Lithium-ion batterijen zijn alomtegenwoordig – we vinden ze in smartphones maar ook in elektrische auto's. Ze bestaan uit een kathode van een positief geladen lithiumverbinding en een anode van negatief geladen koolstof. In het ideale geval zou de anode uit metallisch lithium moeten bestaan, omdat daarin meer energie kan worden opgeslagen dan in koolstof. Anodes van metallisch lithium hebben echter een groot nadeel: in de loop der tijd ontwikkelen ze vertakte naaldvormige structuren ('dendrieten') die naar de kathode groeien en kortsluiting veroorzaken (in het ergste geval kan de batterij zelfs exploderen).

Li-ion-batterijen produceren stroom door het transport van lithium-ionen van de anode door een elektrolyt heen naar de kathode.

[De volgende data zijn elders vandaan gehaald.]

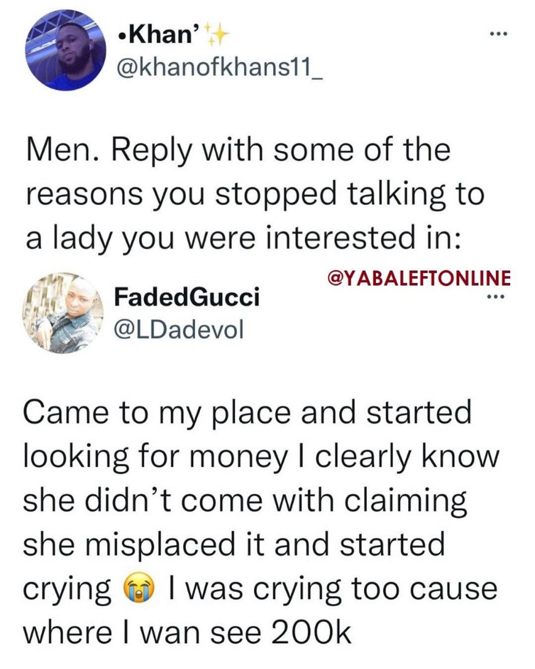 A couple of Nigerian men have taken to microblogging platform, Twitter to share the reasons they stopped talking to women they were at some point interested in.

Eerdere pogingen om de groei van dendrieten tegen te gaan, berustten op het gebruik van een vaste elektrolyt tussen anode en kathode. Deze vaste elektrolyt bleek tot nog toe echter niet bestand tegen de kracht van de groeiende dendrieten.

Een onderzoeksteam van Caltech en de Carnegie Mellon University heeft de sterkte van metallisch lithium op nano- en micrometerschaal onderzocht; het bleek dat op deze schaal lithium tot honderd maal meer kracht kan ontwikkelen dan eerder werd gedacht. Nu kan gericht worden gezocht naar een veel sterkere elektrolyt waar de dendrieten niet doorheen kunnen groeien.